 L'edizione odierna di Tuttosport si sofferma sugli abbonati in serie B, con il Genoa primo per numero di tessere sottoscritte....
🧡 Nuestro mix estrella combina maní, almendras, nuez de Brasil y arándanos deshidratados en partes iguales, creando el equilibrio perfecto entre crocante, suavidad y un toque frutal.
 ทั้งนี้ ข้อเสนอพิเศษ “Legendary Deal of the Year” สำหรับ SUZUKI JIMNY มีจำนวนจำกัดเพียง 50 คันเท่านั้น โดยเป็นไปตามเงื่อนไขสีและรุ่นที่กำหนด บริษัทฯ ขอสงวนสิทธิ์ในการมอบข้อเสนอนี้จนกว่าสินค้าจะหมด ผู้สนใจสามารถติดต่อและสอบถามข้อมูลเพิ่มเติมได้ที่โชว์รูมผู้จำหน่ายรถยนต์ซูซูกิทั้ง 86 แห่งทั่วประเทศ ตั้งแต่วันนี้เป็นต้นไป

---

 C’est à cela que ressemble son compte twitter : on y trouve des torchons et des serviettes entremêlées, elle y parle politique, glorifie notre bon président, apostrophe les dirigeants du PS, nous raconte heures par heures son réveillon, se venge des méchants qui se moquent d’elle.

**PROBLEM DETAILS**
Return, word for word, the lines of the data above from the line with "un toque frutal." through the line with "86 แห่งทั่วประเทศ ตั้งแต่วันนี้เป็นต้นไป", inclusive.

**SOLUTION TO THIS TASK**
🧡 Nuestro mix estrella combina maní, almendras, nuez de Brasil y arándanos deshidratados en partes iguales, creando el equilibrio perfecto entre crocante, suavidad y un toque frutal.
 ทั้งนี้ ข้อเสนอพิเศษ “Legendary Deal of the Year” สำหรับ SUZUKI JIMNY มีจำนวนจำกัดเพียง 50 คันเท่านั้น โดยเป็นไปตามเงื่อนไขสีและรุ่นที่กำหนด บริษัทฯ ขอสงวนสิทธิ์ในการมอบข้อเสนอนี้จนกว่าสินค้าจะหมด ผู้สนใจสามารถติดต่อและสอบถามข้อมูลเพิ่มเติมได้ที่โชว์รูมผู้จำหน่ายรถยนต์ซูซูกิทั้ง 86 แห่งทั่วประเทศ ตั้งแต่วันนี้เป็นต้นไป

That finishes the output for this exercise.